→ **YOUR OBJECTIVE**
Retype only the lines below from the one with "香港交易所建议下调若干价格范" to the one with "قدمت کار شاید", inclusive, skipping every image.

═════ ENTRIES SHOWN ═════

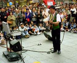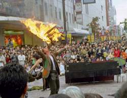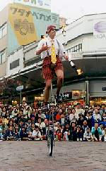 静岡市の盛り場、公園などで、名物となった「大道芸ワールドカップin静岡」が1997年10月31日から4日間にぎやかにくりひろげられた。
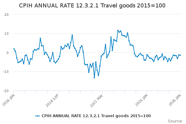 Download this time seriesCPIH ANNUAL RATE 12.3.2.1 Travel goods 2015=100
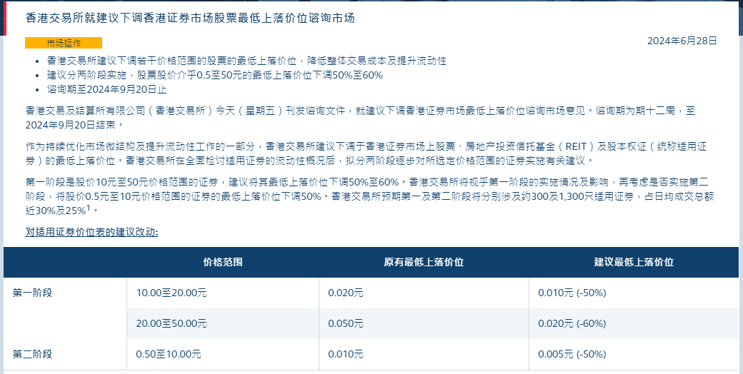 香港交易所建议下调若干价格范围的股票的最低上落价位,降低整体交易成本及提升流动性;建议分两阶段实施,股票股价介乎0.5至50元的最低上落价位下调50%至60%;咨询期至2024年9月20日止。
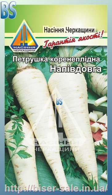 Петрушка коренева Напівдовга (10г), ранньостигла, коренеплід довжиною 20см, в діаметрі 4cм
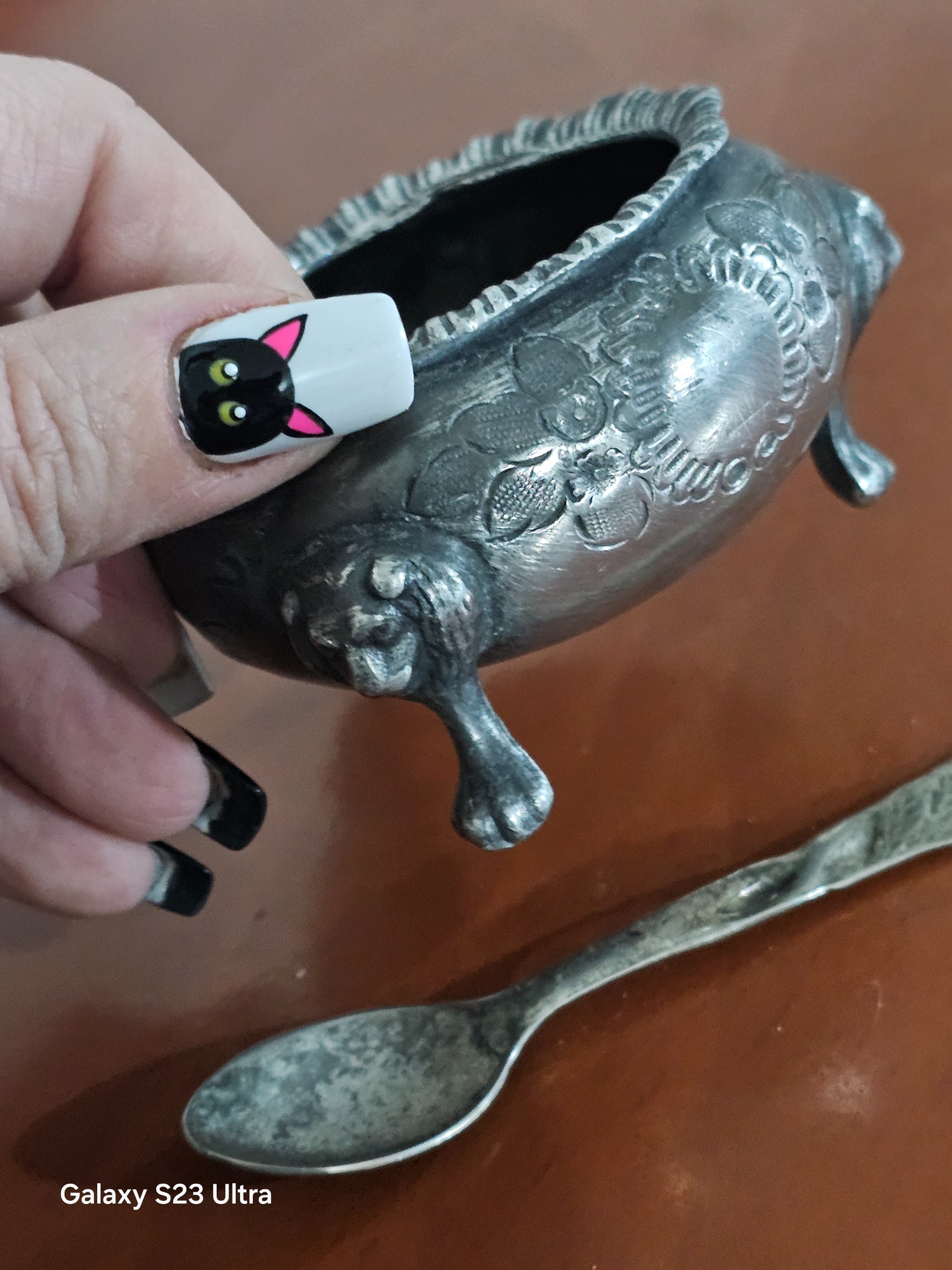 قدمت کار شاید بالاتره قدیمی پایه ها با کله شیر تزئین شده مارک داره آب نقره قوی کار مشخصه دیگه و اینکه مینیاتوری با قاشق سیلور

═════
═════ ENTRIES SHOWN ═════

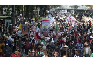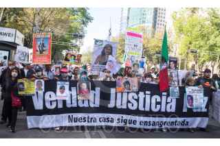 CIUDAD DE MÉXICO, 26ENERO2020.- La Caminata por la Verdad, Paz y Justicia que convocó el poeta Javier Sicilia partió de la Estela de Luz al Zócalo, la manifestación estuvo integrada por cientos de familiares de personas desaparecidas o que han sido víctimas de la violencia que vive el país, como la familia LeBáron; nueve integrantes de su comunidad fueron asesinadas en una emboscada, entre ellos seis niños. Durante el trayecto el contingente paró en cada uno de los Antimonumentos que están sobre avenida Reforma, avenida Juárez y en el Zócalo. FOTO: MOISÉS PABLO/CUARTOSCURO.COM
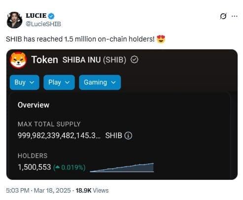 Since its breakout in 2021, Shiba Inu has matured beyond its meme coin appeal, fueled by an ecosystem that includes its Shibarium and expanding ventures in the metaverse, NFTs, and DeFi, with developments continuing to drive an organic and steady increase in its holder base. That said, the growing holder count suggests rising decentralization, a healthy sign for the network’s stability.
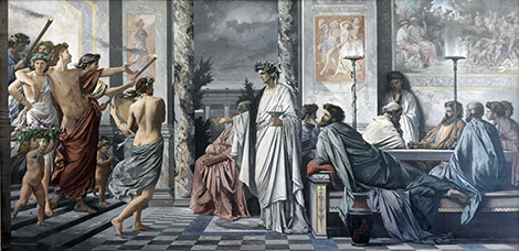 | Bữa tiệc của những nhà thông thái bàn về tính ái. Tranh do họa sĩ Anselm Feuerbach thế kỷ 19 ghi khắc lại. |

═════

→ **SOLUTION TO THIS PROBLEM**
 香港交易所建议下调若干价格范围的股票的最低上落价位,降低整体交易成本及提升流动性;建议分两阶段实施,股票股价介乎0.5至50元的最低上落价位下调50%至60%;咨询期至2024年9月20日止。
 Петрушка коренева Напівдовга (10г), ранньостигла, коренеплід довжиною 20см, в діаметрі 4cм
 قدمت کار شاید بالاتره قدیمی پایه ها با کله شیر تزئین شده مارک داره آب نقره قوی کار مشخصه دیگه و اینکه مینیاتوری با قاشق سیلور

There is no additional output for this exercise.